Denn vorliegend würde die von der Antragsgegnerin geplante Direktvergabe der Interimsleistungen dazu führen, die Rückabwicklungsverpflichtung aus dem bestandskräftigen Beschluss der Vergabekammer zu umgehen. Damit würde eine Rechtsgrundlage dafür geschaffen, die vergaberechtswidrig beschafften Leistungen für einen, aufgrund der Verlängerungsoptionen im beabsichtigten Interimsauftrag, letztlich im Belieben der Antragsgegnerin stehenden Zeitraum weiter nutzen zu können.

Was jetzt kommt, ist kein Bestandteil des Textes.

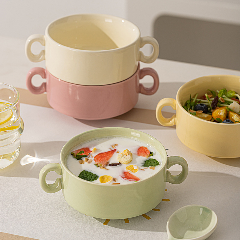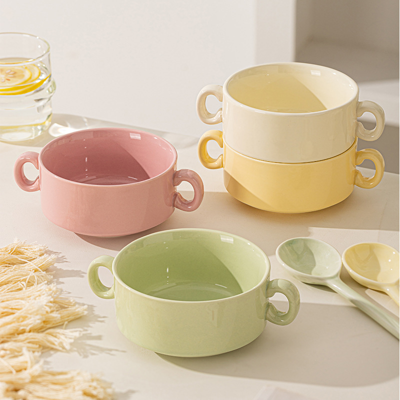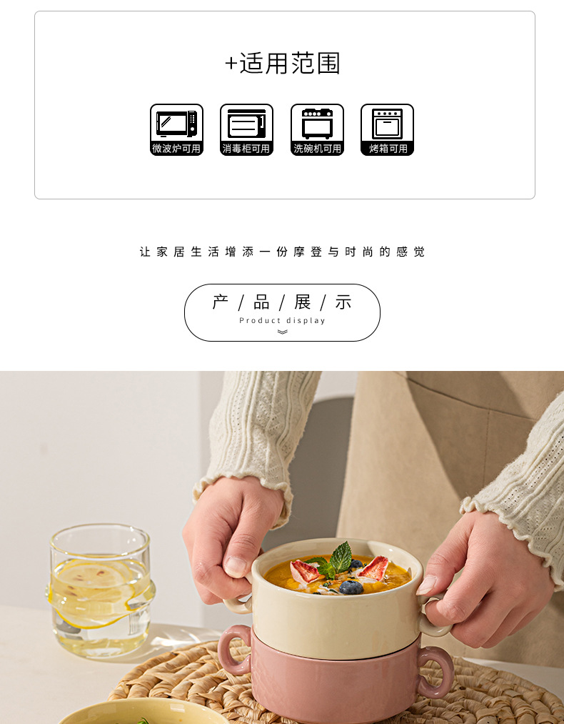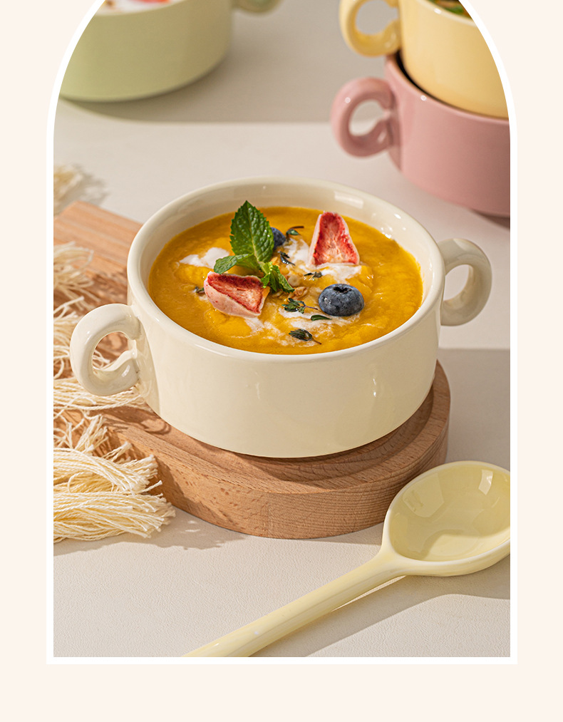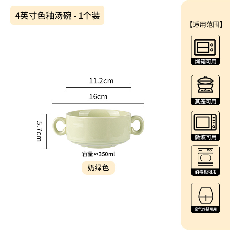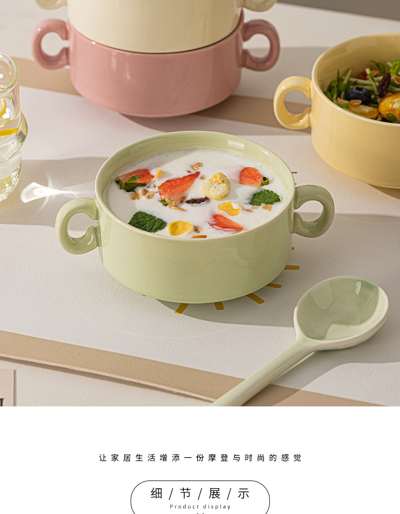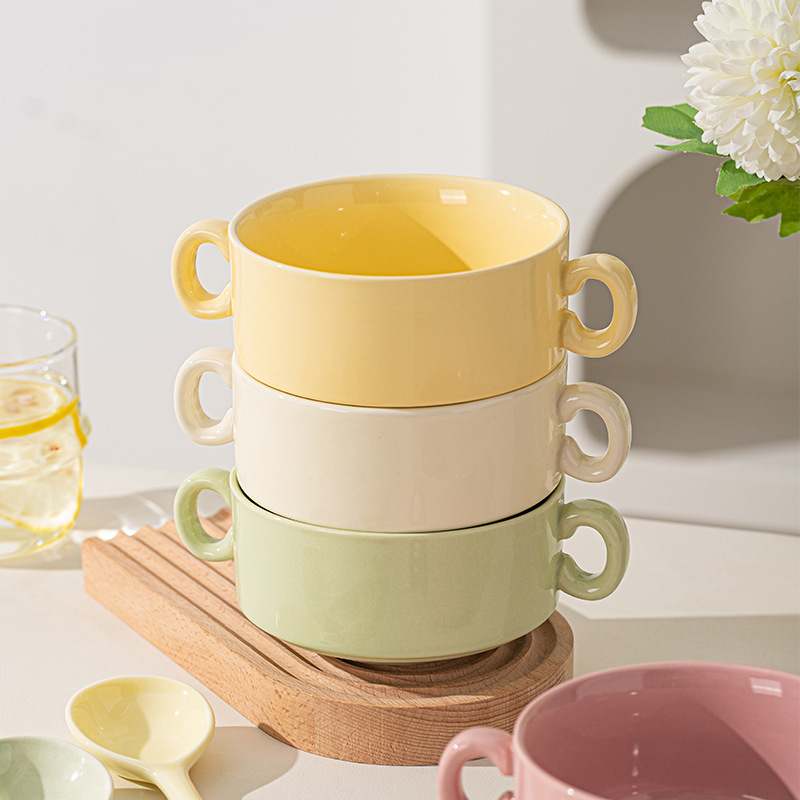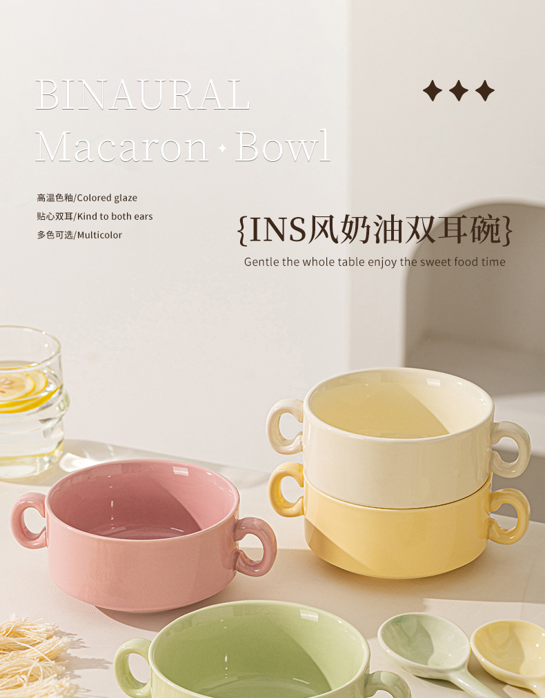 奶油色釉下彩双耳陶瓷碗家用高颜值轻奢汤碗蒸蛋碗酸奶碗陶瓷餐具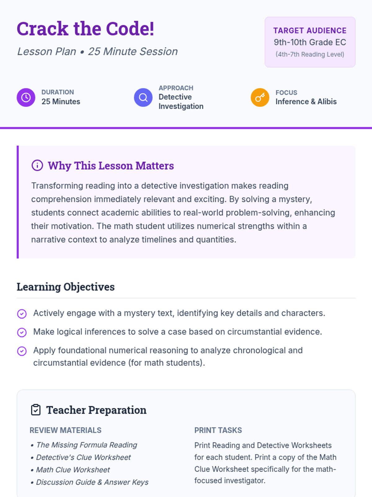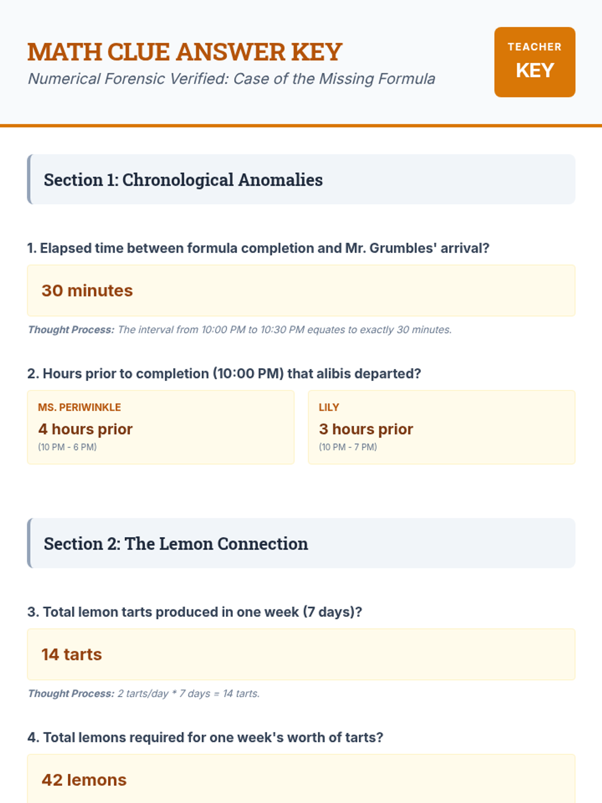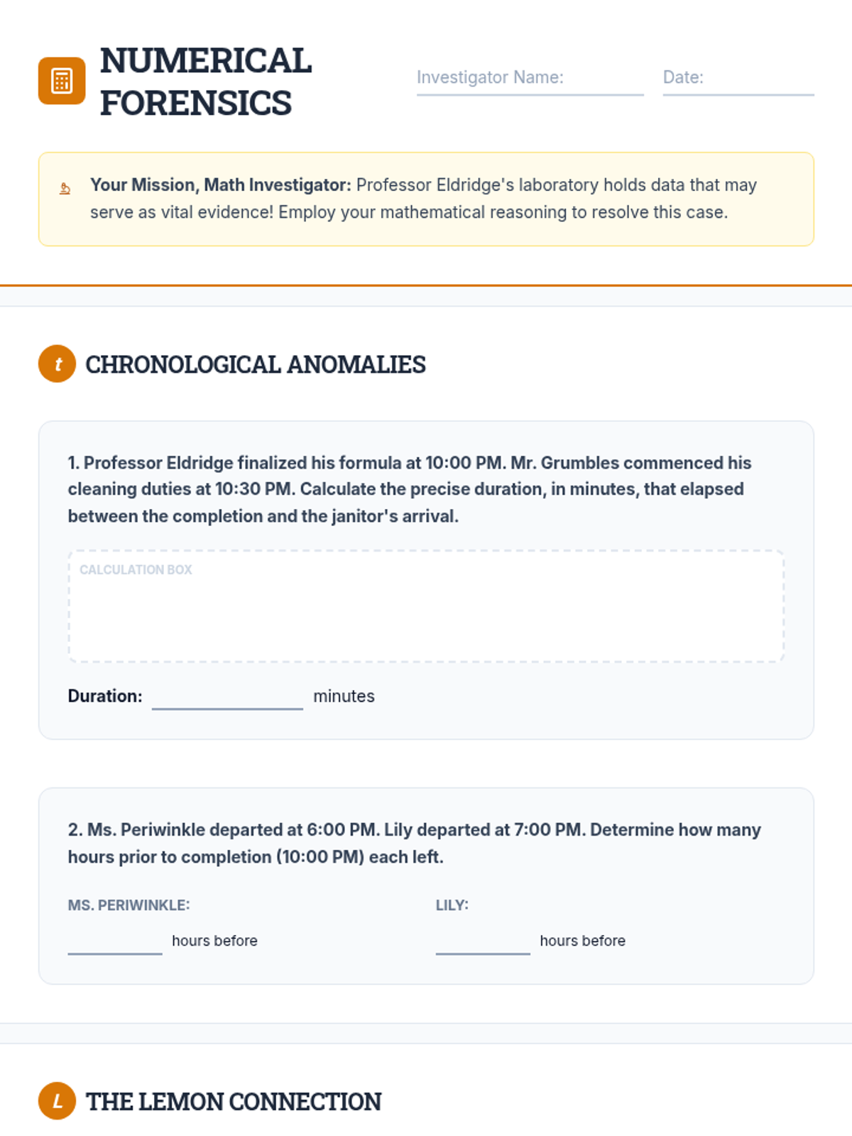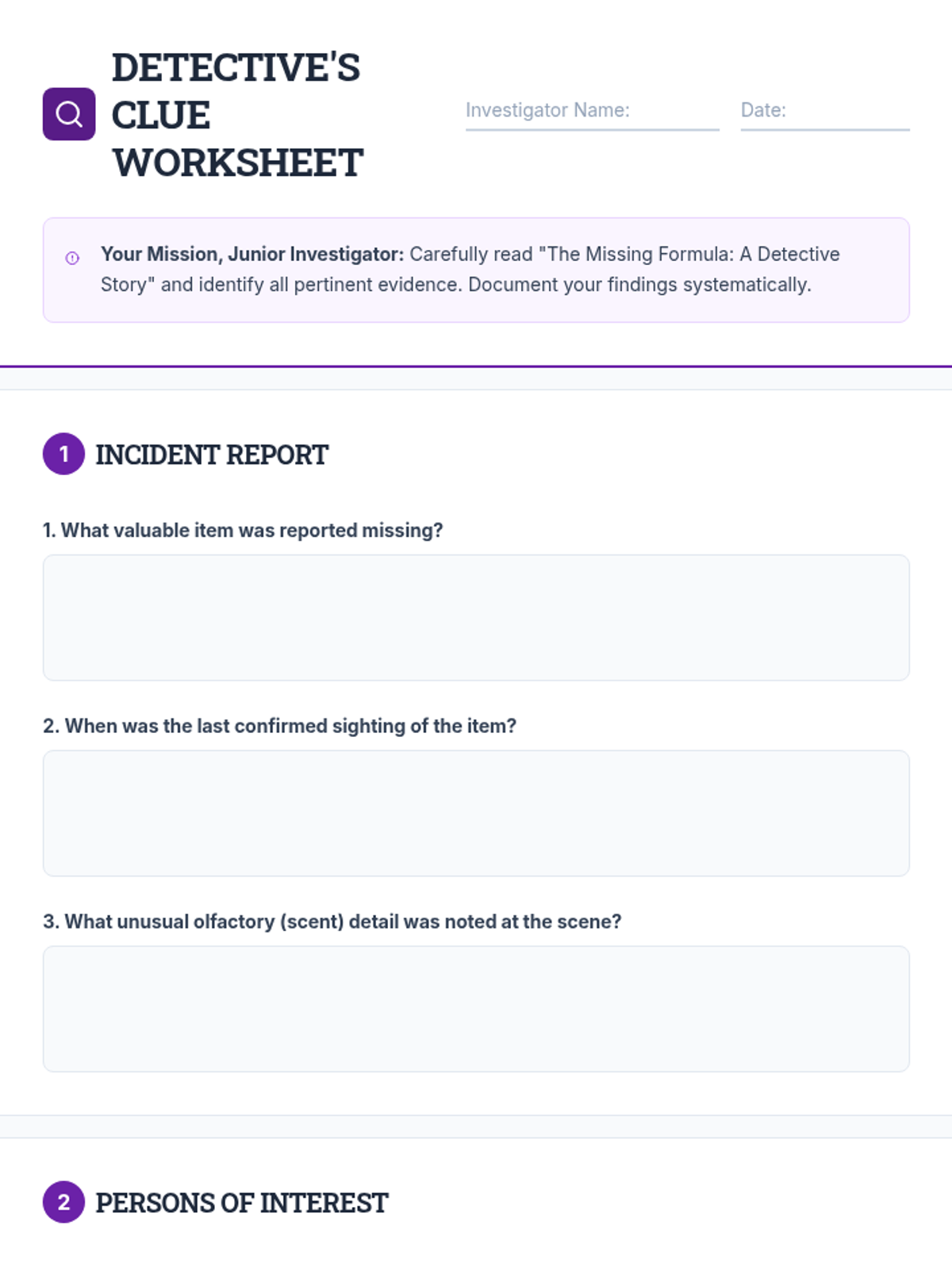 Students act as junior investigators to solve the mystery of Professor Eldridge's missing formula. They analyze alibis, physical evidence like scents, and a chronological timeline to identify the person responsible for the formula's disappearance.

Auch Aspekte des effektiven Rechtsschutzes gegen die De-facto-Vergaben sprechen für dieses Ergebnis. Denn wenn das Interesse an einer unterbrechungsfreien Erbringung von Leistungen der Daseinsvorsorge auch die Rückabwicklungsverpflichtungen aus einer bestandskräftigen Nichtigkeitsfeststellung eines Vertrags durch die Vergabenachprüfungsinstanzen überlagern und außer Kraft setzen würde, bestünde für die Antragstellerin kein effektiver Rechtsschutz gegen die De-facto-Vergabe der Antragsgegnerin mehr. Der von ihr bereits erstrittene bestandskräftige Beschluss der Vergabekammer wäre praktisch wirkungslos.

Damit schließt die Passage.